Yet he clearly recognised the potentially perverse pleasure and entertainment value in re-enacting these naïve beliefs on the screen. It isn't long into the film before it becomes clear that the presentation of these historical images of witchcraft serve as a grounding for the later recreations, and much of Häxan is in fact organised around bringing these ancient images to three-dimensional life.
The recreations begin in an underground lair in 1488, where we see several haggard old witches going about their business brewing potions. One arrives with a bundle of sticks, inside of which is hidden a severed human hand stolen from the hanging corpse of a convicted thief. What one notices immediately throughout this scene is the striking depth and complexity of the mise-en-scéne. While Häxan is often referred to as a forerunner of demon possession films such as The Exorcist (William Friedkin, 1973), the horror film it most clearly resembles here is Tobe Hooper's The Texas Chainsaw Massacre (1973), whose grisly production design of skulls, bones, feathers and the like created an overhanging air of menace and heated dread.

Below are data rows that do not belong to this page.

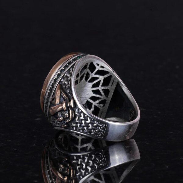El Yapımı İslami Yüzük – 925 Ayar Gümüş ve Bakır Detaylı Erkek Takısı
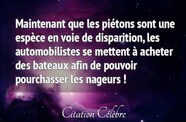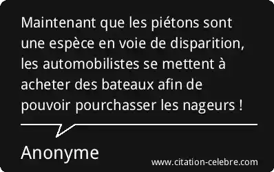 Maintenant que les piétons sont une espèce en voie de disparition, les automobilistes se mettent à acheter des bateaux afin de pouvoir pourchasser les nageurs !
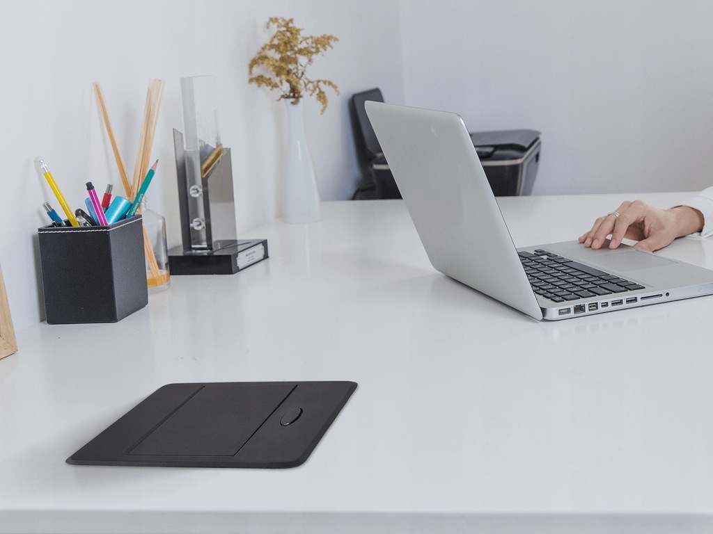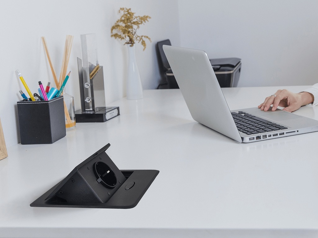 - innowacyjny mechanizm wysuwania i chowania w tym gnieździe pozwala na jego łatwe ukrycie, gdy nie jest używane. To rozwiązanie zapewnia nie tylko estetyczny wygląd, ale także pomaga w utrzymaniu porządku na biurku
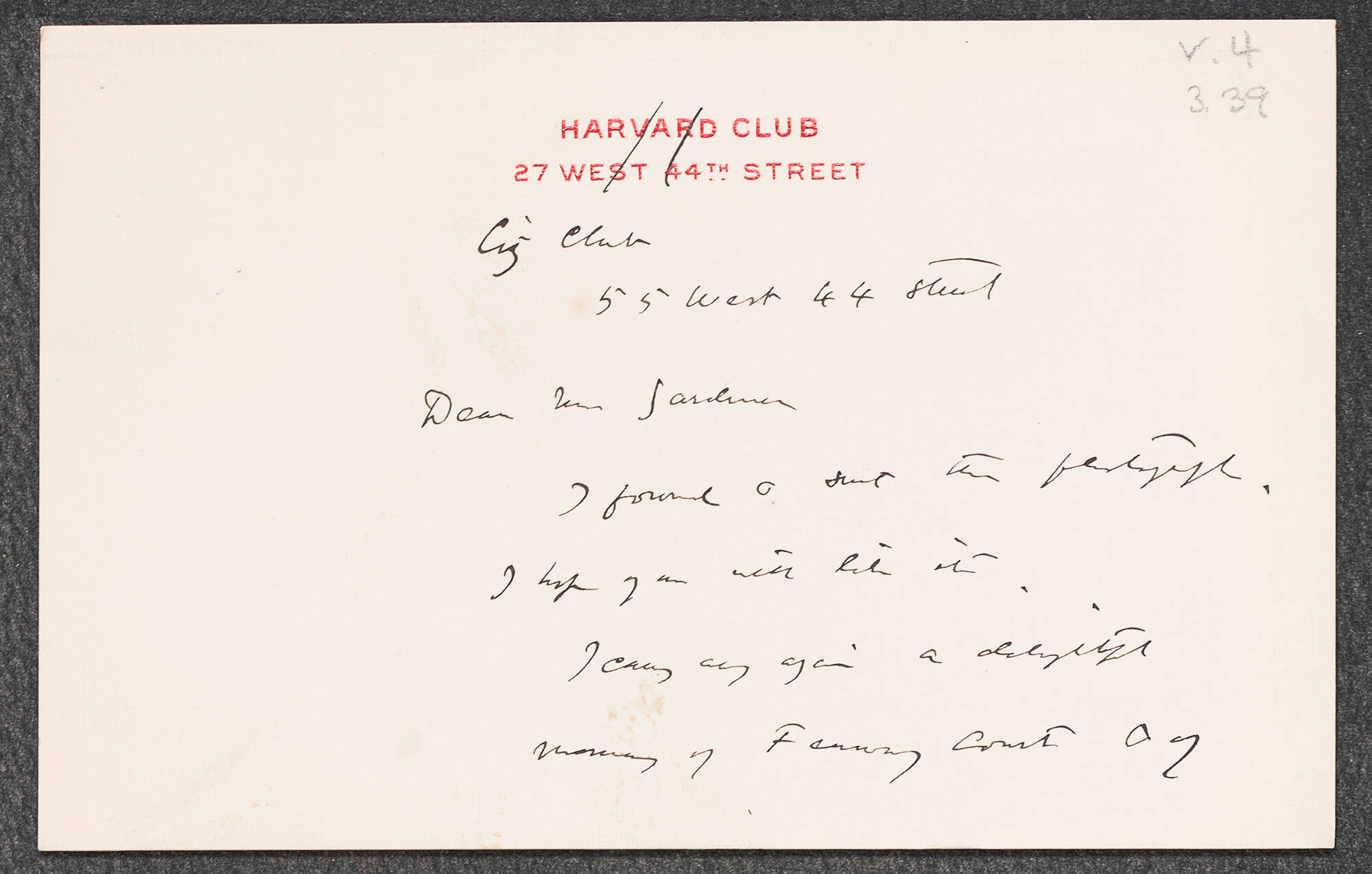 Printed in ink (on recto, upper center): [crossed out] HARVARD CLUB / 27 WEST 44th STREET
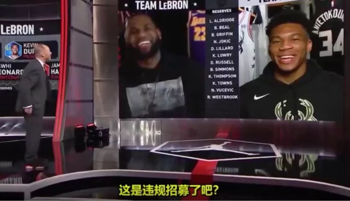 2月8日,詹姆斯和字母哥在转播镜头下做出各自决定,并互相玩梗,调侃。当詹姆斯选择了浓眉哥安东尼·戴维斯后,字母哥还不忘调侃他:“这是违规招募吧?”詹姆斯则笑着回答:“违规招募在全明星期间不存在的。”此外,双方还完成了一桩别样的交易,詹姆斯送出阵中的维斯布鲁克,从字母哥手中换来同经纪公司的小兄弟本·西蒙斯。

Such is the case in this opening recreation in Häxan; the viewer's eyes are drawn to a human skull on a shelf, a macabre skeleton of a dog hanging above a steaming pot and the assortment of large, wooden kegs filled with unknown liquids. While many silent films of this era are unrelentingly stagebound, their constructed borders clearly demarcated, Christensen and production designer Richard Louw suggest depth and the not-seen, giving viewers the queasy feeling that the witches' lair extends beyond the edges of the cinematic frame and that there are far worse things tucked away in dark corners.
A lengthy section in the middle of the film tells the (fictional?) story of a woman accused of witchcraft and subsequently put on trial. It begins with a printer who has become ill, and a priest determines that it is the work of a witch by holding a ladle of molten lead over the sick man's body, then putting the lead in a bucket of cold water and "reading" the resultant shape. The printer's sister-in-law accuses an elderly beggar woman of being the responsible witch, and the woman is promptly dragged away and tortured by the Inquisition authorities. Sensational as this sequence is, Christensen develops the story in movingly dramatic terms, and his gritty depiction of the events and his use of the old woman's dirty, poverty-stricken body as an ironic counterpoint to the accusations of black power leveled against her are strikingly reminiscent of Dreyer's Vredens dag (Day of Wrath, 1943), which came out two years after Häxan's 1941 theatrical re-release.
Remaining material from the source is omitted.